(Data extract Opens)

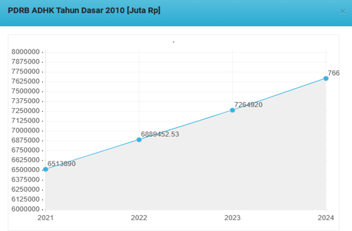 Perekonomian Kota Magelang berdasarkan Produk Domestik Regional Bruto (PDRB) Atas Dasar Harga Berlaku (ADHB) dengan tahun dasar 2010 mencapai sekitar Rp 11,82 miliar pada tahun 2024 yang menunjukkan adanya peningkatan stabil dan konsisten sejak tahun 2021, seperti yang diperlihatkan pada Gambar 1.2. data dari Badan Pusat Statistik (BPS) Kota Magelang. Sementara jika dihitung Atas Dasar Harga Konstan (ADHK) dengan tahun dasar 2010, angka tersebut mencapai sebesar Rp 7,66 miliar pada tahun 2024, seperti yang diperlihatkan pada Gambar 1.3. data dari platform DataGo Kota Magelang.
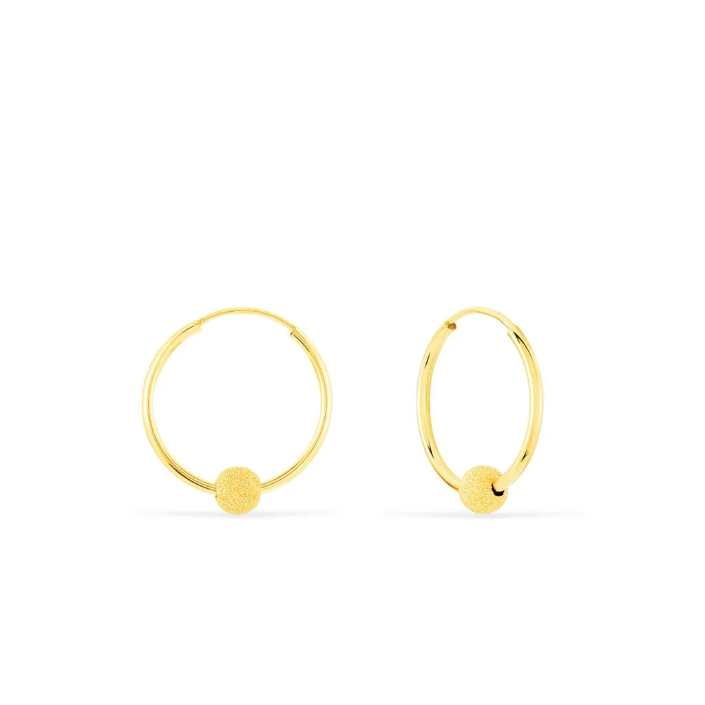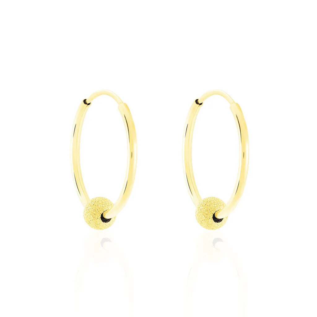 Créoles Or Jaune 375/1000 Boules Effet Sablé Fil Flexible Lisse Largeur 1.2mm Diamètre 16mm
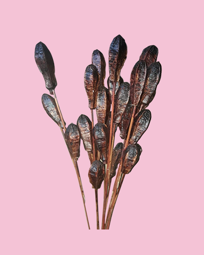 Make a bold, rustic statement with this striking floral bunch. The arrangement features slender, dark stems topped with unique, elongated pods that have a rich, textured brown finish. Each pod resembles a naturally dried seed pod, adding an organic and dramatic flair to your decor. Perfect for a tall vase, this bunch can be a standalone piece or combined with other elements to create a powerful, earthy centerpiece. It’s an ideal choice for adding a touch of nature’s raw beauty to a modern or rustic space.
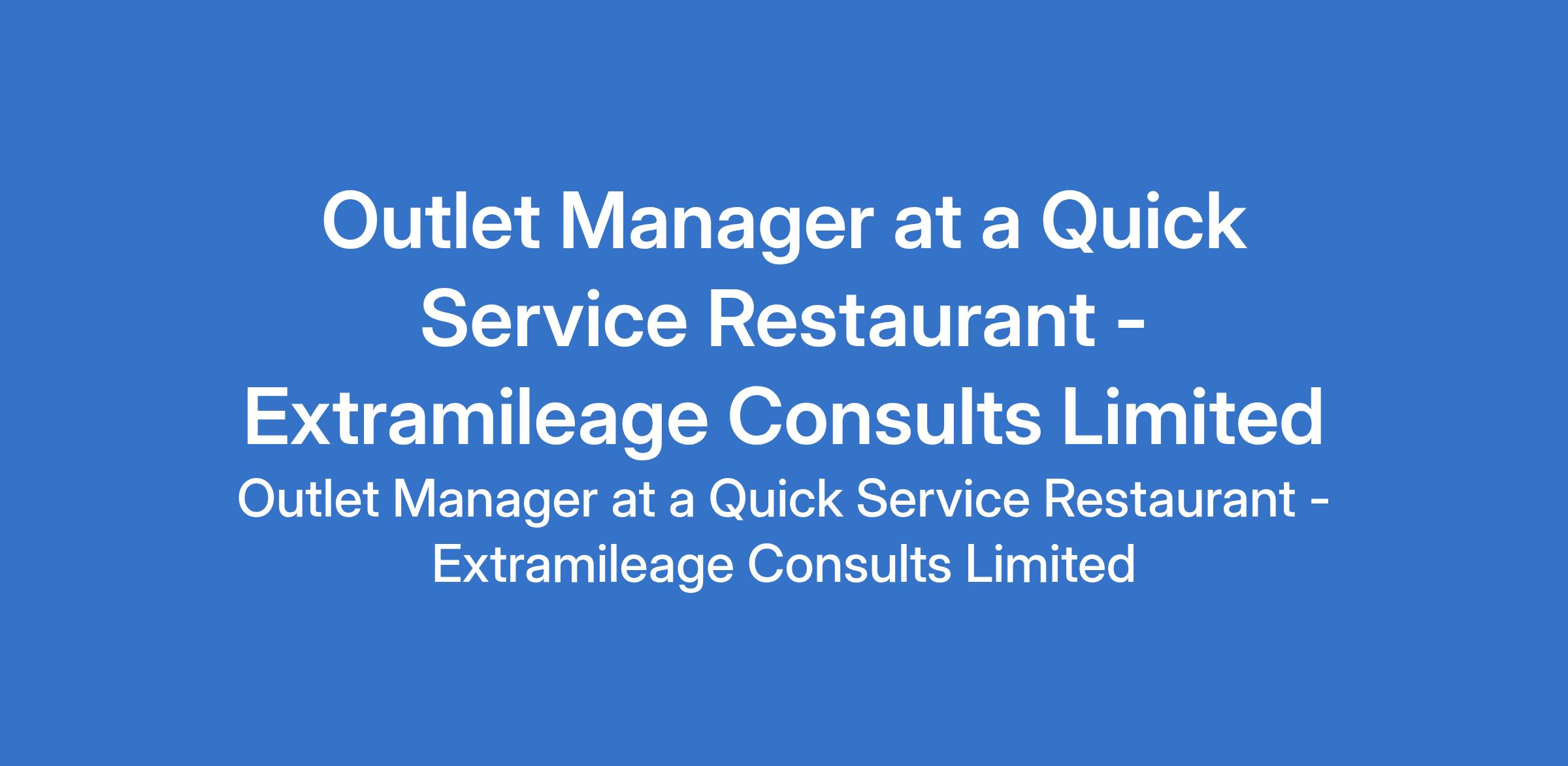 Extramileage Consults Limited - Our client, a Quick Service Restaurant is recruiting to fill the position of: Outlet Manager. The position is located in Victoria Island, Lagos State. Salary: N300,000 monthly. Interested candidates should possess an OND/HND or B.Sc. in Hospitality, Business Administration, or related field with 4-5 years in a supervisory or managerial role in a restaurant or hospitality setting.

(Data extract Closes)

Your assignment ▸ Nothing but the lines from the top of the data above through the line containing "Make a bold, rustic" should be output, exactly as written and without the pictures.

Task result ▸
 Perekonomian Kota Magelang berdasarkan Produk Domestik Regional Bruto (PDRB) Atas Dasar Harga Berlaku (ADHB) dengan tahun dasar 2010 mencapai sekitar Rp 11,82 miliar pada tahun 2024 yang menunjukkan adanya peningkatan stabil dan konsisten sejak tahun 2021, seperti yang diperlihatkan pada Gambar 1.2. data dari Badan Pusat Statistik (BPS) Kota Magelang. Sementara jika dihitung Atas Dasar Harga Konstan (ADHK) dengan tahun dasar 2010, angka tersebut mencapai sebesar Rp 7,66 miliar pada tahun 2024, seperti yang diperlihatkan pada Gambar 1.3. data dari platform DataGo Kota Magelang.
 Créoles Or Jaune 375/1000 Boules Effet Sablé Fil Flexible Lisse Largeur 1.2mm Diamètre 16mm
 Make a bold, rustic statement with this striking floral bunch. The arrangement features slender, dark stems topped with unique, elongated pods that have a rich, textured brown finish. Each pod resembles a naturally dried seed pod, adding an organic and dramatic flair to your decor. Perfect for a tall vase, this bunch can be a standalone piece or combined with other elements to create a powerful, earthy centerpiece. It’s an ideal choice for adding a touch of nature’s raw beauty to a modern or rustic space.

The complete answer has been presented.